Quer dizer: a prefeitura negligenciou deliberadamente o anfiteatro. Deixou que ele se transformasse em uma pocilga, em um chiqueiro, em uma montanha de entulho, para agora poder dizer:
– Não há o que fazer, vamos ter que demolir.
Importante deixar claro que conceder aquela área à iniciativa privada, por si só, não é um problema: a ideia é que o futuro investidor construa no local uma moderna estrutura de eventos – que seguirá recebendo shows com entrada franca, mas também espetáculos com cobrança de ingresso –, além de uma marina pública e outros equipamentos no chamado trecho 2. Tudo bem, até aí.

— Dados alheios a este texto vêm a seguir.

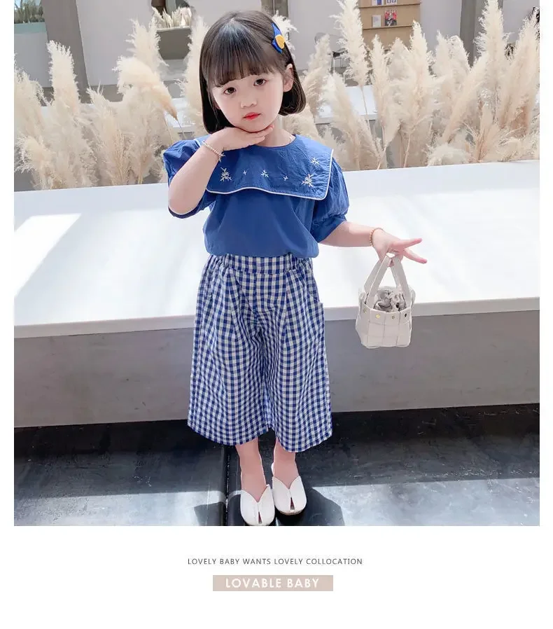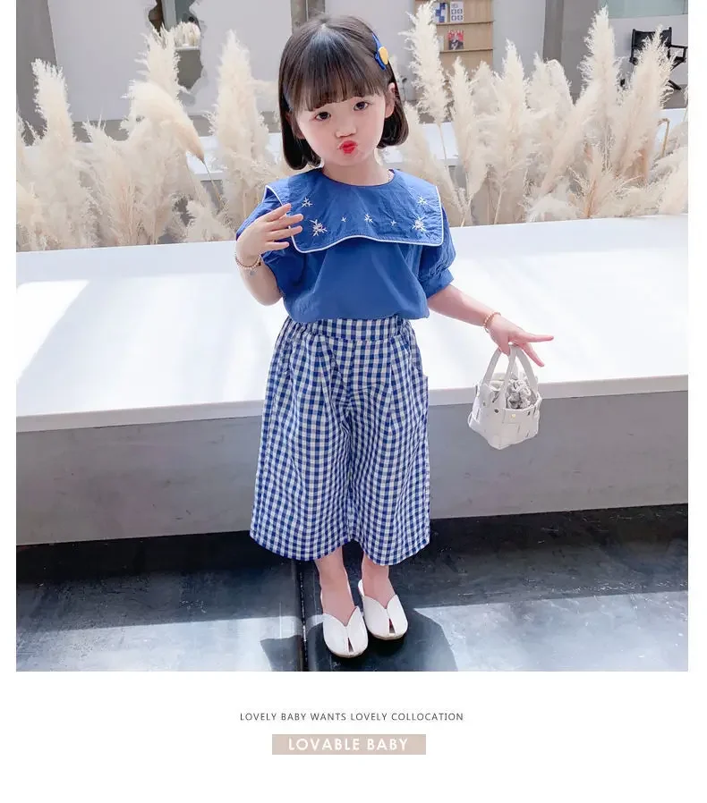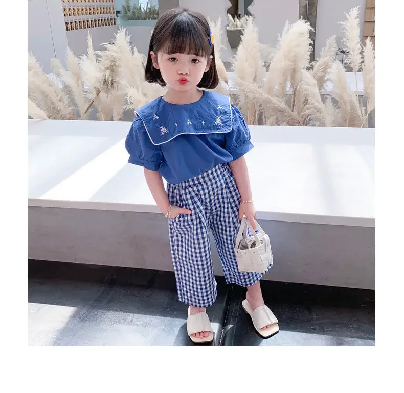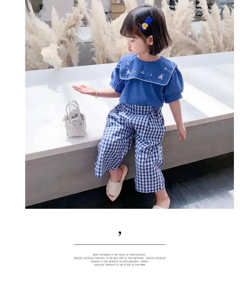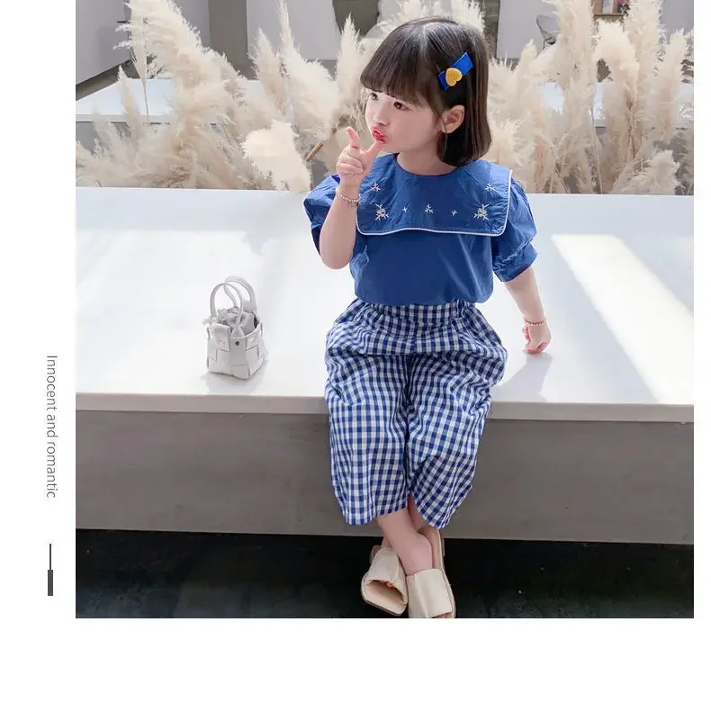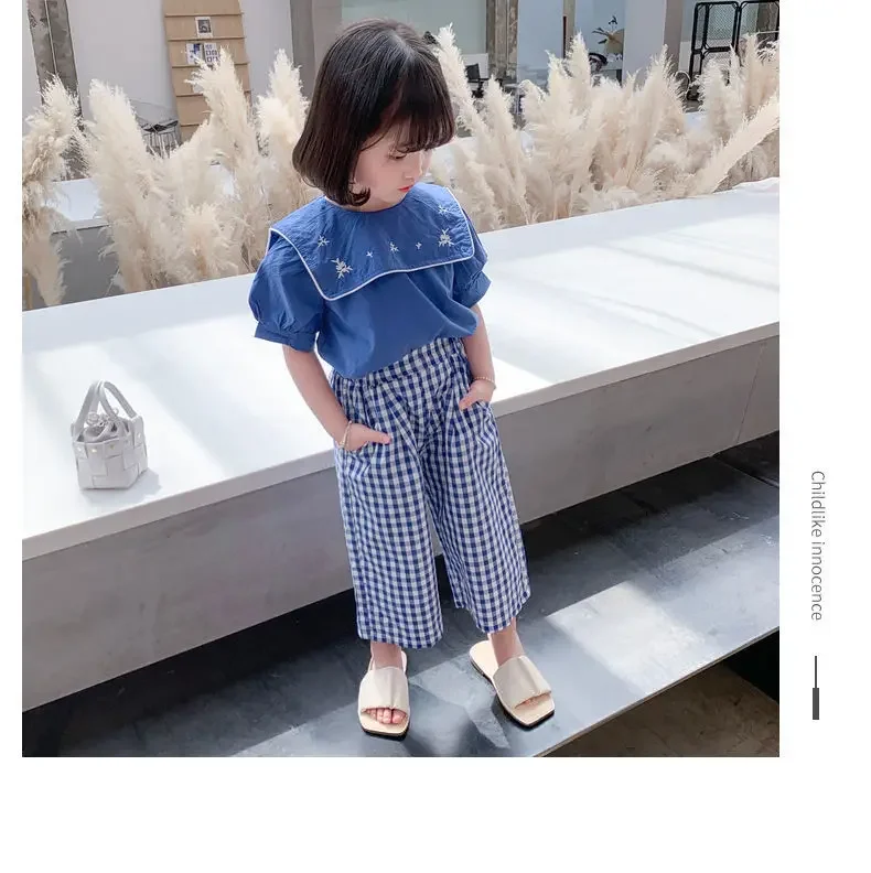 キッズセットアップ 2点セット 半袖刺繍襟ブラウス+チェックワイドルーズパンツ 2カラー【mh0006133】
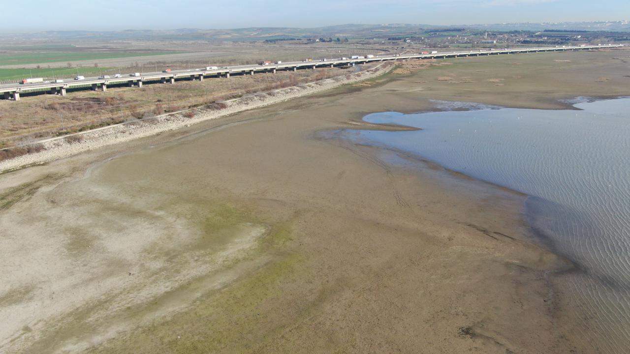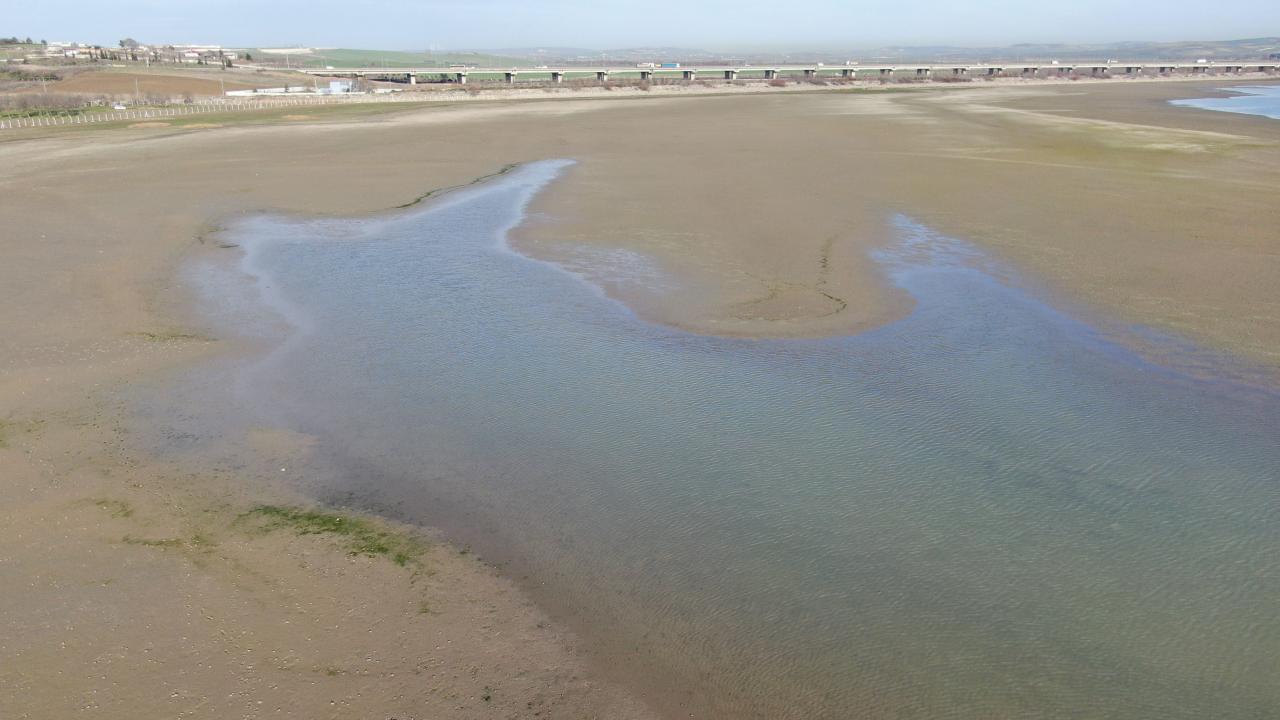 Baraj gölünde eskiden suyla dolu bazı alanlar adeta çöle döndü.
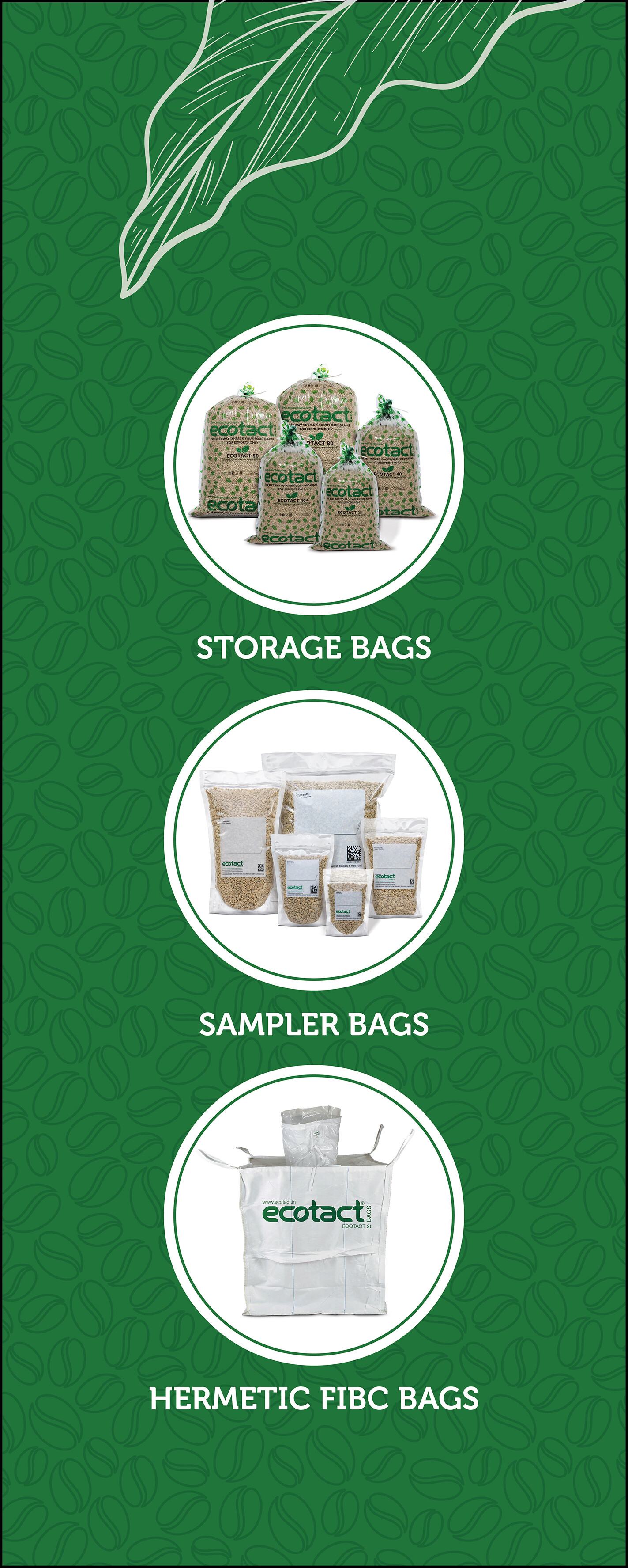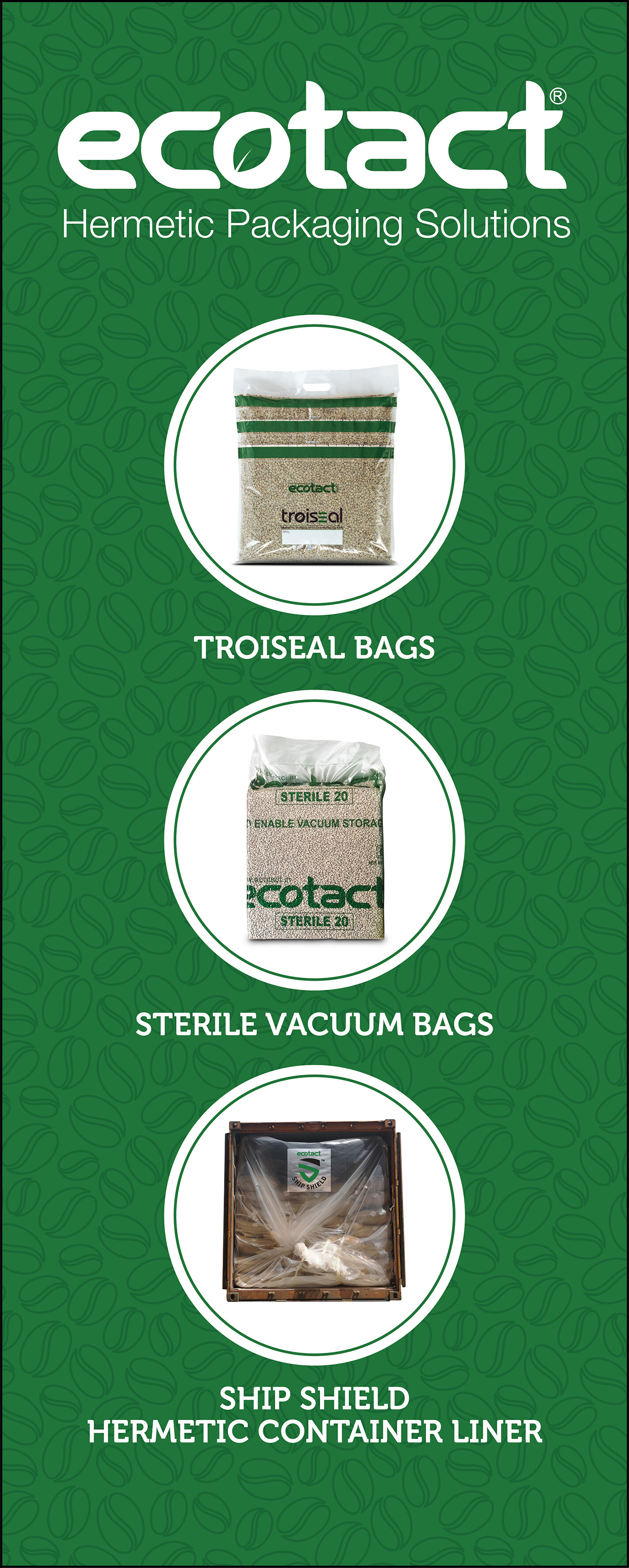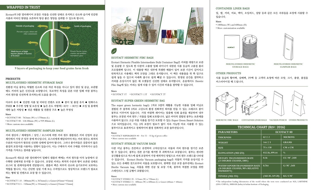 Ecotact의 새로운 9중 멀티레이어 밀폐식 샘플러 백에는 커피 원두를 마치 농장에서 갓 수확한 상태처럼 유지할 수 있습니다. 포장된 커피는 최적의 수분과 향이 보존된 상태로 로스터 및 관계자들에게 전달됩니다. 샘플러 백은 외부의 산소와 습기로부터 보호하는 역할을 합니다. 이는 간단한 실링 기계 또는 수작업으로도 정상적으로 브랜드가 필요로 하는 형태 및 컨텐츠로 포장 할 수 있습니다.

A reflexão que precisa ser feita é outra: pode a prefeitura deixar por tanto tempo um bem público caindo aos pedaços sob a alegação de que, sabe-se lá quando, haverá um destino apropriado para ele? É razoável isso? É respeitoso com a cidade? É juridicamente defensável? A resposta é não para todas as perguntas. Porque a manutenção de bens públicos é responsabilidade intransferível do Executivo. É uma obrigação básica. Me admira, aliás, que o Ministério Público nunca tenha feito nada para contestar esse descaso calculado.
E o mais maluco é que, embora já tenha anunciado a demolição, o governo municipal nem sabe quando isso vai ocorrer. Porque, claro, demolir custa algum dinheiro, então essa missão ficará a cargo do futuro concessionário. Mas, como o edital de licitação ainda nem foi lançado, o investidor privado só deve assumir a área daqui a uns dois anos.
Ou seja, até lá, Porto Alegre seguirá convivendo com um monstrengo de lixo horrorizando a paisagem mais emblemática da cidade. Um monstrengo que a própria prefeitura criou.